◆ **TASK TO CARRY OUT**
Repeat the records below exactly, leaving out any pictures.

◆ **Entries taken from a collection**
=== Begin Enclosure ===

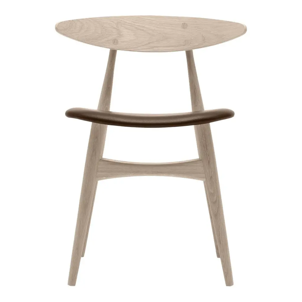 A star reborn: A compact design by Wegner from 1957 has been re-issued by Carl Hansen. A solid wood frame with a veneer seat and back - a contrasting wood can be chosen for the back but the buttons are always the same wood as the frame. Shown with a leather seat. Available in all leathers and fabrics offered by Carl Hansen & Son. Seat back matches frame. For $95 you can create a mixed wood version, but note that the buttons are always in the same wood as the frame. Call for more information or to order: 800.688.0974.
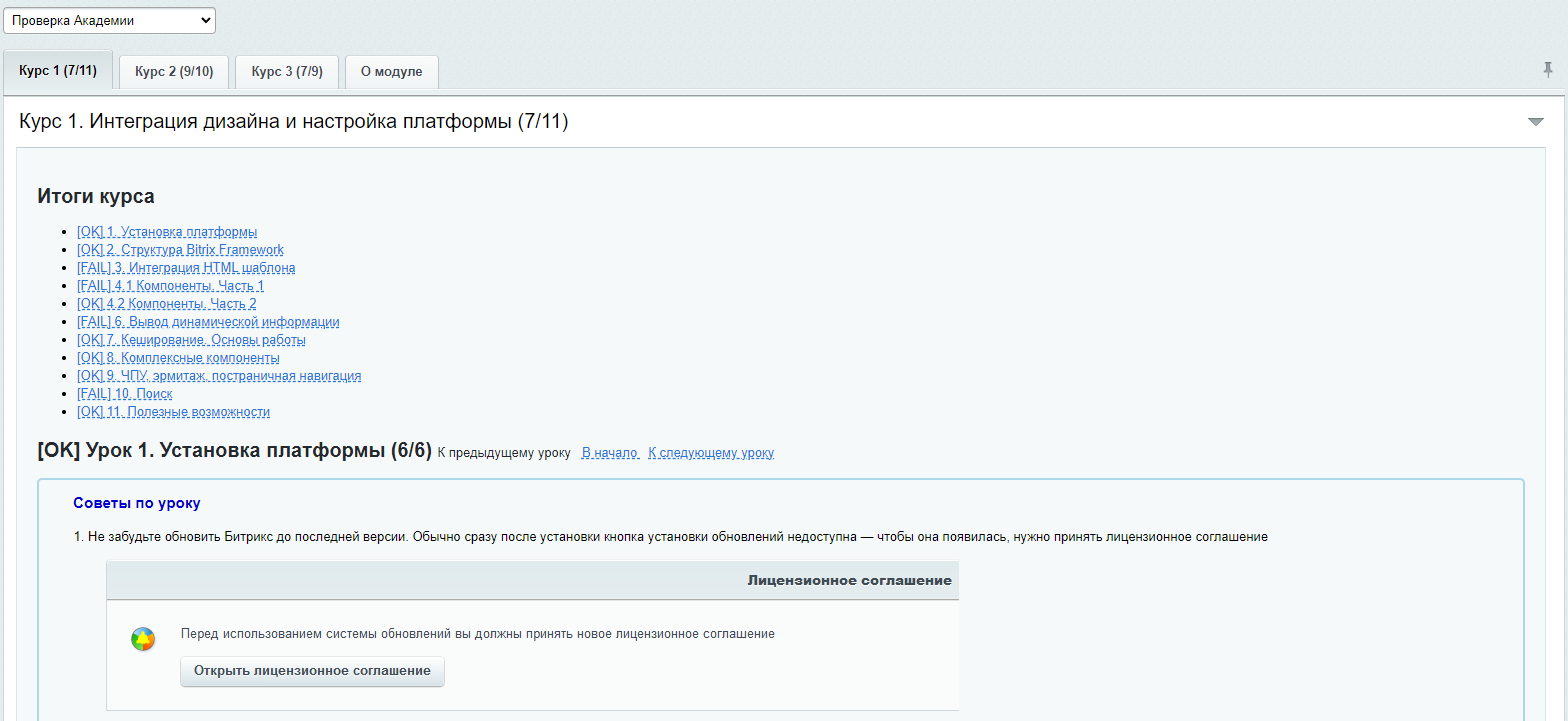 Набор автоматических проверок заданий Академии 1С-Битрикс: Управление сайтом для первых трех курсов Академии.
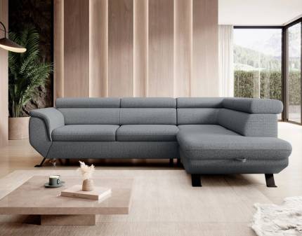 Coltar extensibil NAOMI U material textil gri, cu lada pentru depozitare 223x336x171cm
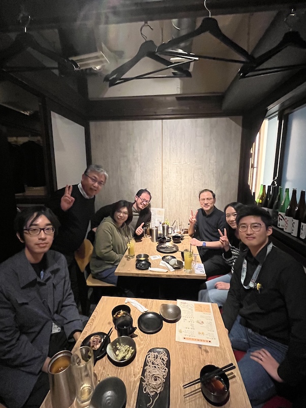 2024/12/20: 忘年会開催! Welcome, Ichaさん (An Niza El Aisnada, PD)と 暖さん (伊藤暖, 早稲田D2)), 米国からお帰りZizhenさん(Zizhen Zhou, 特任助教), 豪州へいってらっしゃい遼馬さん(佐々木遼馬, 助教)!
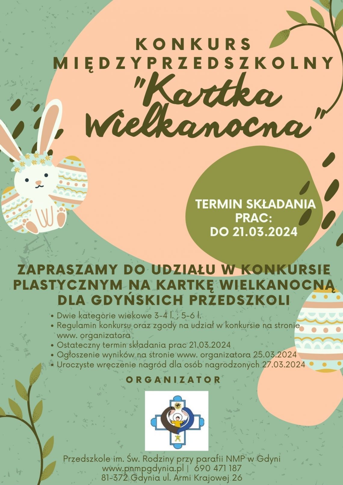 Zachęcamy wszystkie dzieci, uczęszczające do przedszkoli na terenie miasta Gdynia do udziału w Międzyprzedszkolnym Konkursie Plastycznym na Kartkę Wielkanocną. Konkurs składa się z dwóch etapów:
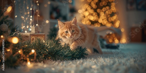 © vxnaghiyev, Obraz premium Orange tabby feline engages with Christmas lights as part of holiday home decoration, highlighting seasonal ambiance

=== End Enclosure ===

◆ **ANSWER SPACE**
 A star reborn: A compact design by Wegner from 1957 has been re-issued by Carl Hansen. A solid wood frame with a veneer seat and back - a contrasting wood can be chosen for the back but the buttons are always the same wood as the frame. Shown with a leather seat. Available in all leathers and fabrics offered by Carl Hansen & Son. Seat back matches frame. For $95 you can create a mixed wood version, but note that the buttons are always in the same wood as the frame. Call for more information or to order: 800.688.0974.
 Набор автоматических проверок заданий Академии 1С-Битрикс: Управление сайтом для первых трех курсов Академии.
 Coltar extensibil NAOMI U material textil gri, cu lada pentru depozitare 223x336x171cm
 2024/12/20: 忘年会開催! Welcome, Ichaさん (An Niza El Aisnada, PD)と 暖さん (伊藤暖, 早稲田D2)), 米国からお帰りZizhenさん(Zizhen Zhou, 特任助教), 豪州へいってらっしゃい遼馬さん(佐々木遼馬, 助教)!
 Zachęcamy wszystkie dzieci, uczęszczające do przedszkoli na terenie miasta Gdynia do udziału w Międzyprzedszkolnym Konkursie Plastycznym na Kartkę Wielkanocną. Konkurs składa się z dwóch etapów:
 © vxnaghiyev, Obraz premium Orange tabby feline engages with Christmas lights as part of holiday home decoration, highlighting seasonal ambiance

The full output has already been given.